Hi @svkeerthy can you confirm my understanding that this would be the only piece of GitHub - IITH-Compilers/ml-llvm-project currently/soon-to-be-merged in upstream? I.e. there is currently nothing for LLVM-gRPC, the onnx runner, etc?

Happy to contribute to the upstreaming effort. Maybe we could start with considering how the onnx runner would fit into the current mlgo scheme (without the whole ML-compiler-bridge surrounding it), how to build & run onnx models.

Also to introduce myself, I’m Ryan Mitchell I work for the AMD GPU shader compiler team, going to sign up for the MLGO meetings!

Exciting development! Couple thoughts/questions:

  • How often (if ever) do the seed embeddings need to be retrained and is that something your team will do in perpetuity?
  • Would be very useful if there was a way for target backends to adapt the approach for MIR. Is that something that’s been thought about or discussed?

Hi @RyanRio,

Currently, our objective is to upstream IR2Vec and the relevant components available at GitHub - IITH-Compilers/IR2Vec: Implementation of IR2Vec, LLVM IR Based Scalable Program Embeddings.

If there is sufficient interest in having the components of ML-Compiler-Bridge like ONNX runner as a part of LLVM’s Model Runner infrastructure (LLVM: llvm::MLModelRunner Class Reference), we would be open to exploring upstreaming them. We can discuss in one of the upcoming MLGO meetings and see how we can take it forward.

Theoretically, using an older vocabulary should be acceptable unless we have concerns about the embedding quality for the IR generated by the current LLVM/clang. To best capture the newest characteristics of the IR, it seems ideal to retrain the seed embeddings with each LLVM release (that is what we have been doing till now). Alternatively, we could consider retraining whenever significant changes occur in the IR structure or syntax, such as the addition or removal of opcodes or types. With that said, we plan to upstream a set of default seed embeddings of different dimensions and make the necessary tooling to generate the vocabulary available.

Yes, we have extended the ideas of IR2Vec to MIR for our experiments on register allocation. Specifically, we have seed embeddings for MIR targetting x86 and AArch64 backends (ml-llvm-project/llvm/lib/CodeGen/MLRegAlloc at mlbridge-lib · IITH-Compilers/ml-llvm-project · GitHub). We are open to looking into ways to upstream these extensions incrementally.

Drive by comment: With more and more interactions with ML originating from inside LLVM, I feel we should standardize the API, or at least to start having conversations about it before we have a million customized ways to do it. I hope we have some bridging/boilerplate in LLVM so we can talk with PyTorch/TF effortlessly.

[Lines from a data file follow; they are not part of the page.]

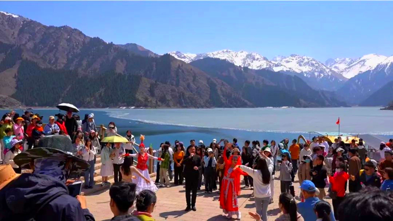 “五一”假期,全疆各地纷纷推出美景、研学、美食等文旅融合活动,以及可以深度体验旅游目的地特色文化的活动,让游客真正拥抱“诗和远方”。全疆组织线上线下文艺演出活动779场次,其中线上活动77场次,受众404186人次,线下活动702场次,惠及群众687907人次;全疆14个地州共计开展线上线下非遗活动165场次、498200人次。
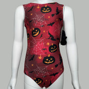 Get ready to flex your spooky style with our Spooky Halloween Leotard! This terrifyingly trendy gymnastics leotard comes with a matching hair scrunchie for a fully coordinated look. Perfect for Halloween competitions or just showing off your love for all things spooky.
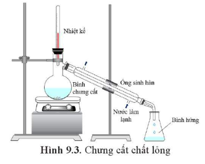 Chưng cất bao gồm hai giai đoạn: hay hơi và ngưng tụ. Hình 9.3 dưới đây sẽ mô tả bộ dụng cụ dùng để chưng cất chất lỏng trong phòng thí nghiệm.
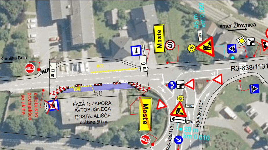 Občinska kategorizirana cesta z oznako LC 150011 (R2 Ajdna – R3 Moste) na zemljišču s parc. št. 1198/3, k.o. Žirovnica, v območju od zemljišča s parc. št. 24/4 (avtobusno postajališče) do zemljišča s parc. št. 727/32, k.o. Žirovnica, bo zaradi izgradnje elektro kabelske kanalizacije (priključek za nov Outdoor hotel) fazno delno zaprta v obdobju med 17. 9. in 27. 10. 2025, med 7. in 17. uro.

For example, this PR uses using Embedding = std::vector<double>;, which may not scale to low precision (if ever), and reads from JSON (Error IR2VecVocabAnalysis::readVocabulary()). On the other hand, MLGO defines a TensorSpec.h that can be translated into raw memory buffers (void*) and defines how to talk with JSON again.

1 Like

Right, but the whole point of this RFC is how the technique is lightweight and independent from ML frameworks.

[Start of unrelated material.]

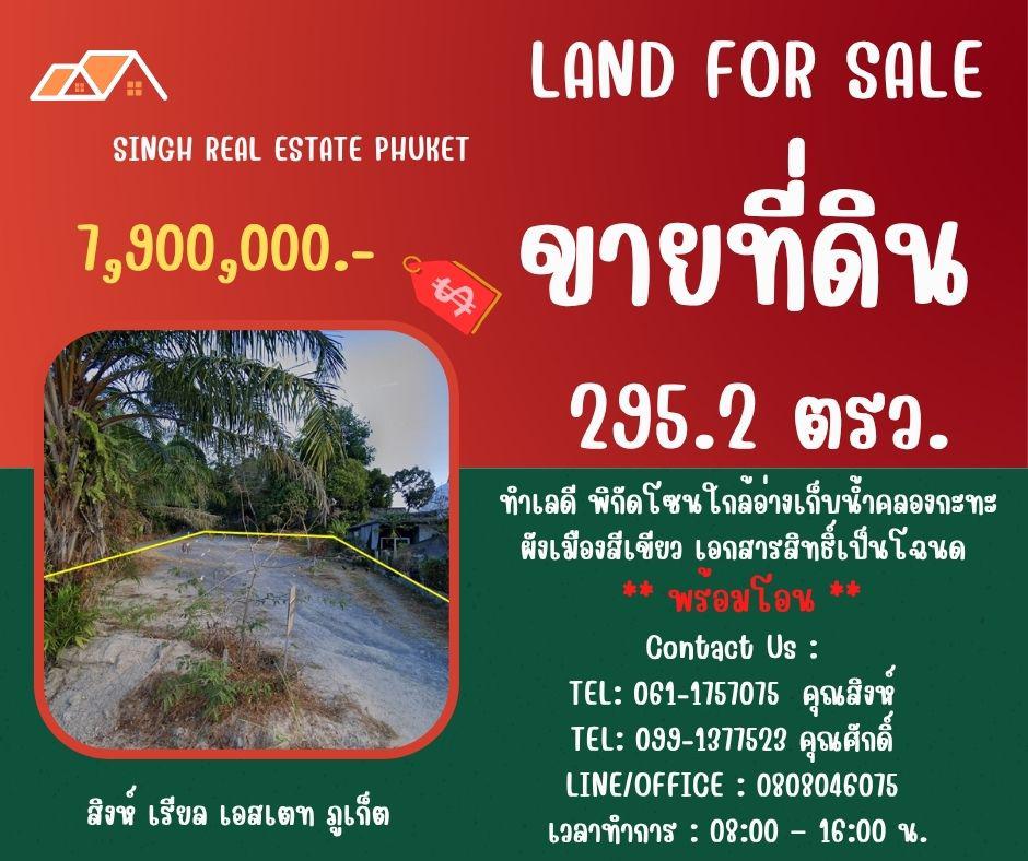 ** LAND FOR SALE ** ขนาดที่ดิน 295.2 ตรว. ( ใกล้อ่างเก็บน้ำคลองกะทะ - ฉลอง )
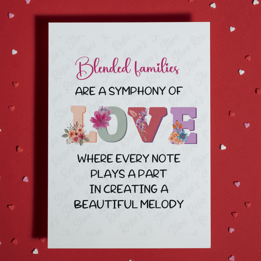 Celebrate the harmonious beauty of blended families with our heartfelt greeting card. Our "Blended families are a symphony of love where every note plays a part in creating a beautiful melody" card captures the essence of love, unity, and the unique dynamics that come together to create something truly extraordinary.

Thanks! Yeah wouldn’t want to derail your current objective. I’m experimenting with your fork in the meantime. Hopefully we can get a good scope for the use-cases and make sure it’s standardized enough as the most recent comments have expressed concern for.

I understand. I am not suggesting include ML frameworks into LLVM, that would be too much. But should we have a unified representation of class Tensor, or something alike, so we don’t have to have different code doing similar things? (e.g. dump to JSON)

So far, a tensor value is really just std::vector<some_scalar>. TensorSpec is rather a type, it’s describing an operand (input or output) and it’s type and is used at the handshake with the MLModelRunner implementation. JSON serialization is interesting for TensorSpec when we log or perform IPC, for training. Tensor values, at that point, are bit-dumped for efficiency.

For the IR2Vec scenario, there’s none of that, really - we’re really just talking about vectors of floating point values loaded once. “everything just works” - including json serialization/deserialization - out of the box. Can’t really see what meaningful reuse there’d be here. Of course, if that changes, we can revisit, but right now we don’t seem to have concrete use cases. wdyt?

Sounds good.